You would have to individually prove that specific comic makers from the golden, silver, etc age were indeed racist sexist, etc. And those views influenced character and story development.

Just looking at a general population, and labeling everyone as racists. Isn't fair to those who for helping minority groups, got beaten, verbally abused, lose their jobs/homes, and killed too. Or secretly helped oppressed groups behind close doors.


Can we also agree that the old classic heroes have a lot more importance and staying power than new heroes? To whit people care way more about Hulk, Iron Man, Captain America, Thor, etc more than they do Hulkling, Iron Lad, Patrior, Wiccan, etc. It isn't merely a case of "Here's a new latino superhero" because no new superhero can have the iconic value of the characters which come from the golden and silver age of comics.
Humans are just as capable now as in the past to create new characters and their stories. Creativity in the media and arts did not end with the silver era of comics. The video game industry is a testament to that, as that industry didn't start to gain traction till the 80's. And we've received thousands of quality games and numerous franchises since then. From development teams with very mixed backgrounds. Asides from the amazing movies that have been made the last few decades.

And perhaps what Thaluikhain said about comic book market share. May be the reason why new characters aren't growing as big as older ones. You can say women and minorities are being underrepresented; and that the population from the 30-60's were racist and sexist. But the present day comic book audience that includes those "under-represented" demographics, is the one that aren't buying these new comic book characters.


Now just because when people were originally making these now famous characters they were pretty backwards, does this mean women and minorities should be relegated to secondary status in Marvel and DC forever? Seems pretty a pretty unfair deal on pretty bad grounds.
Do you know the highest paying male model in the world Sean O'Pry, made $1.5 million in a year. While the female model Gisele took in $47 million. Can you even comprehend that massive wealth difference. Or maybe your thinking of just how much less other male models are making.

Comic books are a male dominant industry. It should be no surprise that the majority of characters are male, as one thing artists can relate to and express well, is their own gender and personal vulnerabilities. And I honestly don't see modern day comic book fans being crazy over Wonder Woman taking complete lead over Superman and Batman. Just to appease non-comic book fans with a political agenda on their mind. Who can care less about the quality of their comics and the movies based on them.


Also you seem not to understand the concept of empathy, the basic human ability for people to understand how others feel. Slightly worrying. Someone doesn't need to be a woman to include a female in a narrative they are writing. Writers in fact include people of other genders, races and sexual orientations in their work all the time.

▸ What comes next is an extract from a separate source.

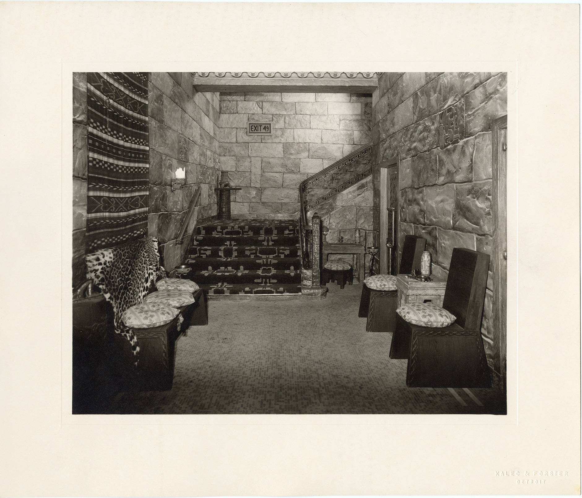 View of a staircase in the Fisher Theatre, showing decorative walls and carpeting. Chairs and sofa in foreground; "Exit 49" sign on wall in background. The interior decoration of the Fisher Theatre was originally a Mayan Revival style, an adaptation of Mayan temples excavated in Central America. In 1961, the theater was completely remodeled. Embossed on front: "Kalec & Forster, Detroit."

Perhaps we should get rid of superheroes form comics. After all by your logic, how can a normal non-superpowered writer ever possibly understand what it's like to be someone with superpowers!
You do not know me. You do not know that last week I was ministering with my sister to a friend of ours; who opened up to us that she was beaten badly by her brother when she was younger. Or the young kids/teens at the gym I go to, that want to start fights with each other. And when I went to break up the fight between two little kids, their own cousin was encouraging them to keep swinging hands and tossing each other on the gym floor. So keep the generalizations to yourself, as that was only a sample of the community work I may do on a weekly basis. And does not include my reserve officer duties where I stand out in the extreme cold or heat to help people in their time of need.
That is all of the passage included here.